# Pazzini: gol al Real Madrid al debutto col Levante. Video.



## admin (3 Febbraio 2018)

Una serata che Pazzini ricorderà per tutta la vita, probabilmente. L'attaccante italiano, al debutto con la maglia del Levante, ha timbrato, all'89', il gol del definitivo 2-2 nel match tra lo stesso Levante ed il Real Madrid.
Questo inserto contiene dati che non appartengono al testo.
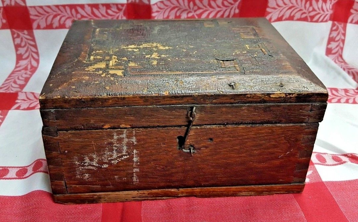 Antique Wooden Document Box, Dove Tailed corners

Video qui in basso al secondo post.


----------



## admin (3 Febbraio 2018)




----------



## Roten1896 (3 Febbraio 2018)

che grande il pazzo, sono contentissimo per lui del quale conserverò comunque un buon ricordo
sicuramente non tra i più forti attaccanti che abbiamo avuto, ma mai scarso quando il bidone croato


----------



## Super_Lollo (3 Febbraio 2018)

Grande pazzo , ha comunque dimostrato sempre di essere un professionista


----------



## Now i'm here (3 Febbraio 2018)

è stato più degno lui con la nostra maglia di tanti altri, uno a caso kalinic.


----------



## Freddy Manson (4 Febbraio 2018)

Sono contento per lui.


----------



## tonilovin93 (4 Febbraio 2018)

Ma perché non prenderlo al posto del ciuccio croato


----------



## FiglioDelDioOdino (4 Febbraio 2018)

Gli vanno bene i debutti. Ricordo che segnò al debutto con l' Italia a Wembley se non erro.


----------



## vannu994 (4 Febbraio 2018)

Grande Pazzo!


----------



## Dany20 (4 Febbraio 2018)

Ridendo e scherzando Pazzini sarebbe titolare anche in questo Milan povero di certezze in attacco.


----------



## Interista Diventi Pazzo (4 Febbraio 2018)

Grande Pazzo!


----------



## Milo (4 Febbraio 2018)

Lo amo, e il verona muto


----------



## Stanis La Rochelle (4 Febbraio 2018)

Non capisco perché è stato sbolognato così. Pazzini è un buon attaccante e un professionista serio. Come è possibile che non trovasse spazio nel verona poi?


----------